下面展示了使用Jaeger作為exporter的tracerProvider,其中包含兩個概念:exporter和resource。前者為傳送遙測資料的目的地,如jaeger、zepkin、opencensus等;後者通常用於新增非臨時的底層後設資料資訊,如主機名,範例ID等。

// tracerProvider returns an OpenTelemetry TracerProvider configured to use
// the Jaeger exporter that will send spans to the provided url. The returned
// TracerProvider will also use a Resource configured with all the information
// about the application.
func tracerProvider(url string) (*tracesdk.TracerProvider, error) {
	// Create the Jaeger exporter
	exp, err := jaeger.New(jaeger.WithCollectorEndpoint(jaeger.WithEndpoint(url)))
	if err != nil {
		return nil, err
	}
	tp := tracesdk.NewTracerProvider(
		// Always be sure to batch in production.
		tracesdk.WithBatcher(exp),
		// Record information about this application in a Resource.
		tracesdk.WithResource(resource.NewWithAttributes(
			semconv.SchemaURL,
			semconv.ServiceNameKey.String(service),
			attribute.String("environment", environment),
			attribute.Int64("ID", id),
		)),
	)
	return tp, nil
}

可以使用如下方式建立resource,semconv包可以為資源屬性提供規範化的名稱。

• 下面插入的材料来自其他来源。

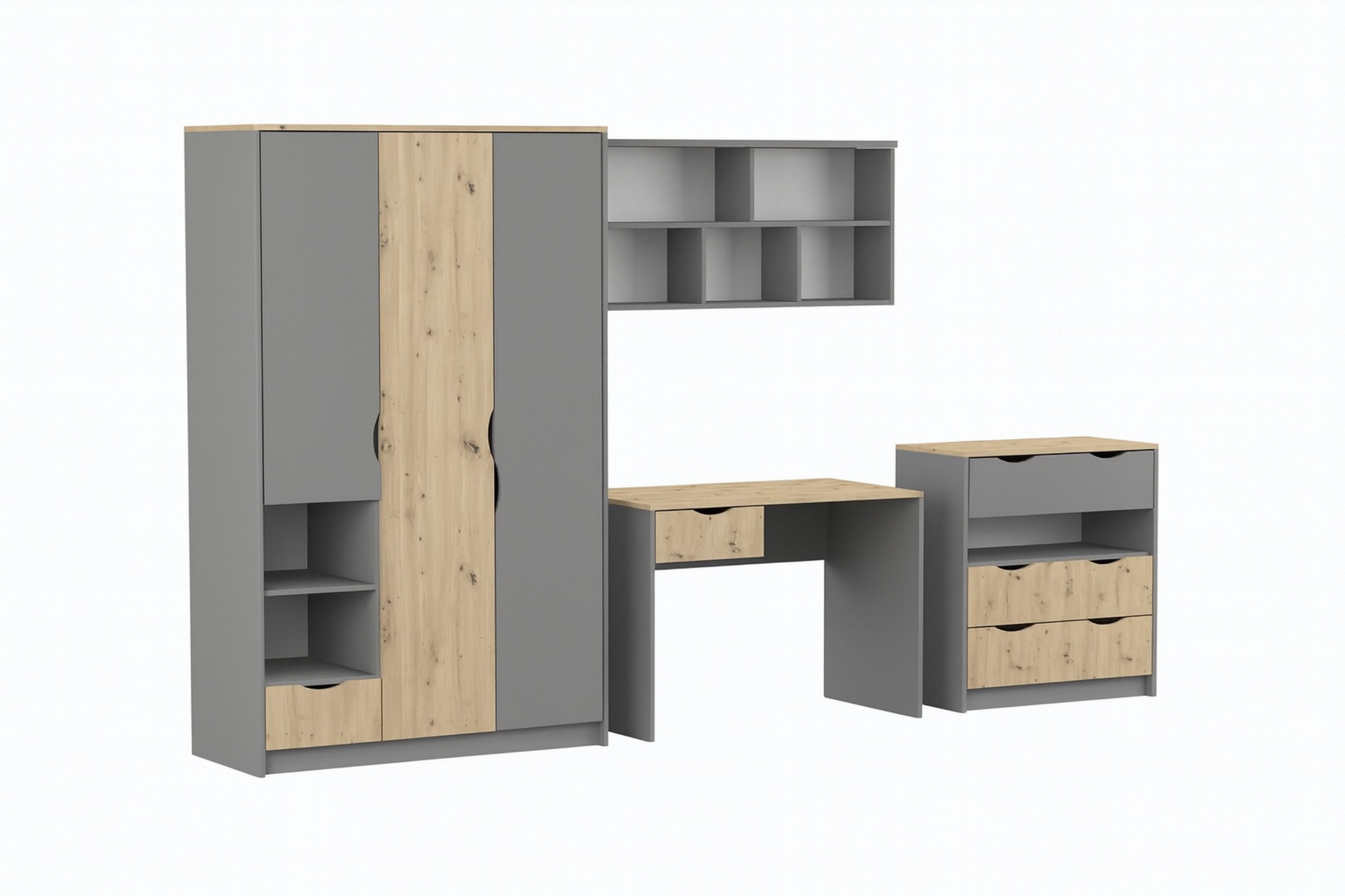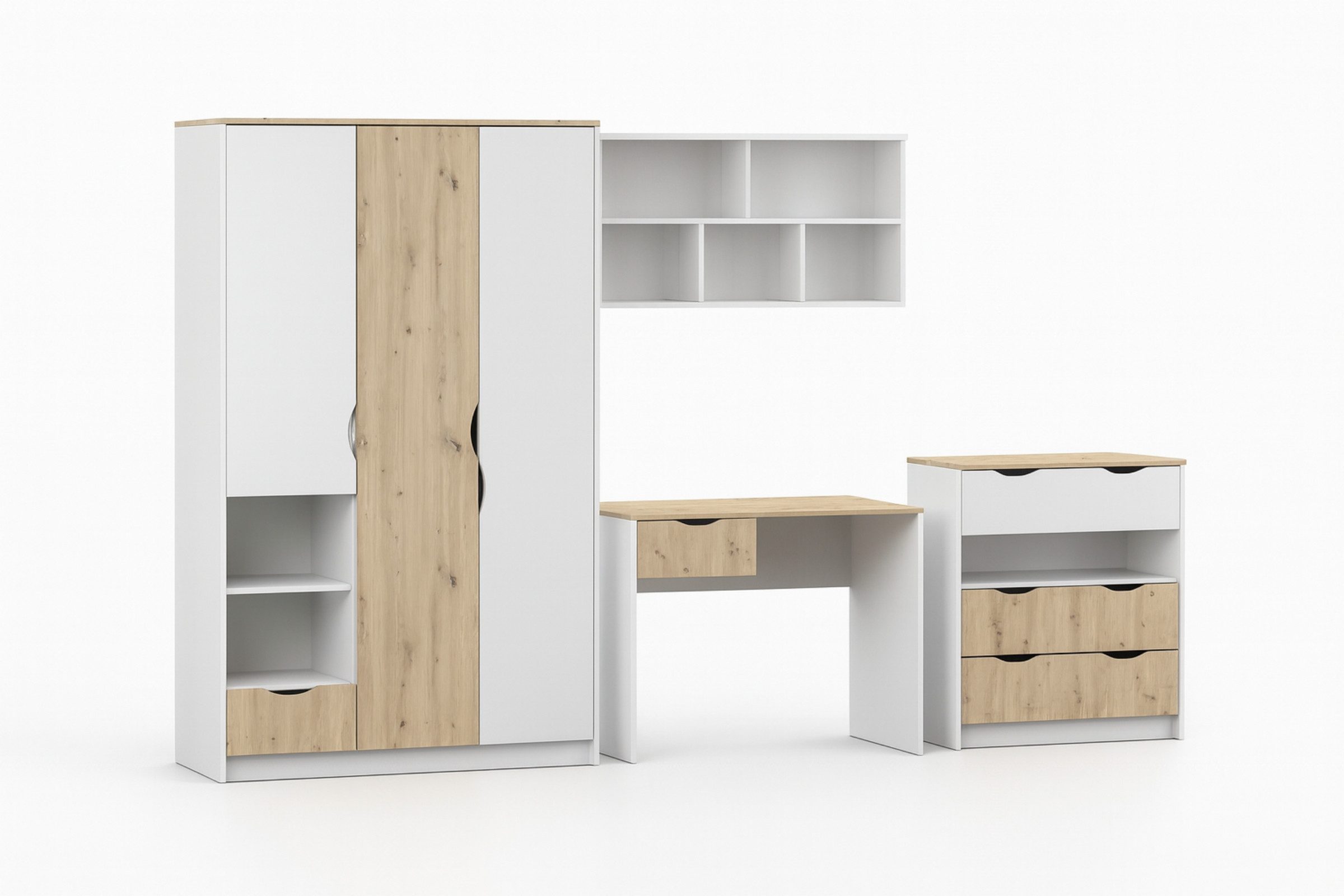 | Set beinhaltet | Kleiderschrank, Schreibtisch, Wandregal und Kommode |

// newResource returns a resource describing this application.
func newResource() *resource.Resource {
	r, _ := resource.Merge(
		resource.Default(),
		resource.NewWithAttributes(
			semconv.SchemaURL,
			semconv.ServiceNameKey.String("fib"),
			semconv.ServiceVersionKey.String("v0.1.0"),
			attribute.String("environment", "demo"),
		),
	)
	return r
}
註冊tracerProvider

如果使用自定義的tracerProvider,需要將其註冊為全域性tracerProvider:

	tp, err := tracerProvider("http://localhost:14268/api/traces")
	if err != nil {
		log.Fatal(err)
	}

	// Register our TracerProvider as the global so any imported
	// instrumentation in the future will default to using it.
	otel.SetTracerProvider(tp)

啟動tracerProvider

	tr := tp.Tracer("component-main")

	ctx, span := tr.Start(ctx, "foo")
	defer span.End()

關閉tracerProvider

當程式退出前,需要關閉tracerProvider,執行資料清理工作:

	ctx, cancel := context.WithCancel(context.Background())
	defer cancel()

    // Cleanly shutdown and flush telemetry when the application exits.
	defer func(ctx context.Context) {
		// Do not make the application hang when it is shutdown.
		ctx, cancel = context.WithTimeout(ctx, time.Second*5)
		defer cancel()
		if err := tp.Shutdown(ctx); err != nil {
			log.Fatal(err)
		}
	}(ctx)

span的簡單用法

tracer會建立span,為了建立span,需要一個context.Context範例。該context通常來自於請求物件,或已經存在的父span。Go的context用於儲存活動的span,當span啟用後,就可以操作建立好的span以及其包含的已修改的上下文。當span結束後,其將成為不可變狀態。

下面為從請求中獲取span:

func httpHandler(w http.ResponseWriter, r *http.Request) {
	ctx, span := tracer.Start(r.Context(), "hello-span")
	defer span.End()

	// do some work to track with hello-span
}
獲取當前span
// This context needs contain the active span you plan to extract.
ctx := context.TODO()
span := trace.SpanFromContext(ctx)

// Do something with the current span, optionally calling `span.End()` if you want it to en
建立巢狀的span

下面將childSpan巢狀在了parentSpan中,表示序列執行:

func parentFunction(ctx context.Context) {
	ctx, parentSpan := tracer.Start(ctx, "parent")
	defer parentSpan.End()

	// call the child function and start a nested span in there
	childFunction(ctx)

	// do more work - when this function ends, parentSpan will complete.
}

func childFunction(ctx context.Context) {
	// Create a span to track `childFunction()` - this is a nested span whose parent is `parentSpan`
	ctx, childSpan := tracer.Start(ctx, "child")
	defer childSpan.End()

	// do work here, when this function returns, childSpan will complete.
}
設定span相關的資訊
新增屬性

屬性是一組key/value後設資料,用於聚合、過濾以及對traces進行分組。

// setting attributes at creation...
ctx, span = tracer.Start(ctx, "attributesAtCreation", trace.WithAttributes(attribute.String("hello", "world")))
// ... and after creation
span.SetAttributes(attribute.Bool("isTrue", true), attribute.String("stringAttr", "hi!"))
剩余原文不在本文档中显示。